Von den 380 Vollzeitstellen im Spital Samedan, in den Altersheimen und im Spitex-Dienst werden 320 von der neuen, geplanten öffentlich-rechtlichen Anstalt "Sanadura" und der Spital Oberengadin AG übernommen. Letztere ist eine neue Gesellschaft der Stiftung Kantonsspital Graubünden und deren Tochterunternehmen Klinik Gut in St. Moritz. Für das Spital sind 180 Vollzeitstellen vorgesehen.

"Da die Bettenzahl reduziert wird, ist das Pflegepersonal am stärksten von Entlassungen betroffen. Leider trifft es auch langjährige Mitarbeitende. Ein kleiner Teil der Stellenstreichungen ist auch im ärztlichen und administrativen Bereich vorgesehen", fuhr Gilgen fort.

Lob für die Mitarbeitenden

Bis nächsten Montag können sich die Mitarbeitenden zu den geplanten Massnahmen äussern und Vorschläge unterbreiten, wie die Kündigungen vermieden oder deren Anzahl begrenzt werden kann. Laut Gilgen ist der Spielraum für die Stiftung Gesundheitsversorgung Oberengadin (SGO), die kurz vor der Auflösung steht, jedoch gering.

"Das Kantonsspital entscheidet zusammen mit der Klinik Gut, wie viele Personen benötigt werden. Und dann ist da noch der Zeitfaktor: Bis Ende März müssen wir eine Lösung finden, danach können wir die Leute nicht mehr bezahlen", sagte Gilgen.

Die Stiftung Gesundheitsversorgung Oberengadin, die unter anderem das Spital Samedan betreibt, befindet sich in Nachlassstundung und wird danach liquidiert.
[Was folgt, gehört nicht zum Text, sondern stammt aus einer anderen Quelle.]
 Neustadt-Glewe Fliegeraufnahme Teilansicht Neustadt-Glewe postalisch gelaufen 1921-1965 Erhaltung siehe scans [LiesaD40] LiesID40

Die SGO plant, ihren Bereich Alters- und Pflegeheim sowie die Spitex und die Beratungsstelle für Alters- und Gesundheitsfragen in die neue Trägerschaft "Sanadura" zu überführen. Über diese neue Trägerschaft sowie drei Leistungsvereinbarungen stimmt die Bevölkerung in den Standortgemeinden ab. Benötigt wird die Zustimmung von sieben der elf Oberengadiner Gemeinden.

Es ist bereits der dritte Versuch innerhalb eines Jahres, das Spital Samedan zu retten. Ein Kredit von knapp 51 Millionen Franken zur Rettung der vom Konkurs bedrohten Gesundheitsversorgerin war von einzelnen der elf Standortgemeinden im November abgelehnt worden.